那些人看到我手中的鐵條,面露怯色。我洋洋得意地揮舞着鐵條,故意向着他們步步緊逼。他們不得不步步後退,我想着逼退了他們,就能夠和三師叔脫身了。
突然前方煙塵滾滾,路面上走來了一大羣人,他們手中抬着紙糊的花圈和紙糊的櫃子,還有紙糊的童男童女。分頭看到那些人,興高采烈地揮着手,大聲叫喊着:“快來,這裏有兩個賊娃子。”
那羣人聽到分頭的喊聲,一齊跑過來,他們亂七八糟的腳步聲踩起了紛紛揚揚的塵土,遮天蔽日。我看到情勢不好。趕緊拉着三師叔,掉頭就跑。

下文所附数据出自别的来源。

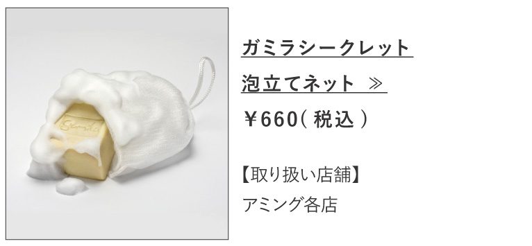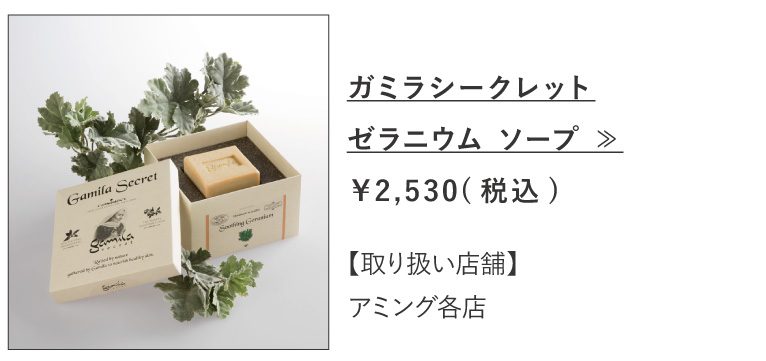 20種類のハーブと良質なエクストラバージンオリーブオイルをたっぷり使用した石鹸「ガミラシークレット」。アミングでもロングセラーの商品です。石鹸というより、肌の水分と油分のバランスを整えるスキンケアアイテムに近いです。

那些人追出了二三裏,追不上我們,就停下來。跳着腳叫罵。我不敢還口,拉着三師叔逃出了他們的視線。
我們跑到了一道埝畔下,才氣喘籲籲地汀了腳步。三師叔看着我,一臉尷尬。他可能覺得在晚輩的面前這樣被人追攆,倉皇逃遁,有失長輩的威嚴和尊嚴。
我對三師叔說:“這幾個鄉村蠢夫,要懲治他們,還不是手到擒來。三師叔。你不必傷心。”
三師叔說:“那個分頭最可憎了,污衊我們是賊娃子。其他人都是聽信了他的謊話。”
我信誓旦旦地對三師叔說:“三師叔,你放心,你且看我如何懲治那個分頭,別的人我全都放過。”
那天,我和三師叔在犁溝裏躺到了黃昏來臨,關中平原一望無際,這個季節裏,麥子早就收割了,地裏只剩下半拃高的麥茬。糜子和穀子都種植在溝坡地。我們找不到藏身之地,只能躲在犁溝裏。犁是一種勞動工具。在農村使用廣泛,犁耬耙枺耩子鏵,鐵鍁籠擔和木叉,這些都是在關中農村使用了幾千年的農具。“犁耬耙耮入麥秸,揚場使得左右鍁,趕車能打回頭鞭……”這是對農村技術能人的概括,如果能達到這些,就是農村裏的“能行人”,就是莊稼把式。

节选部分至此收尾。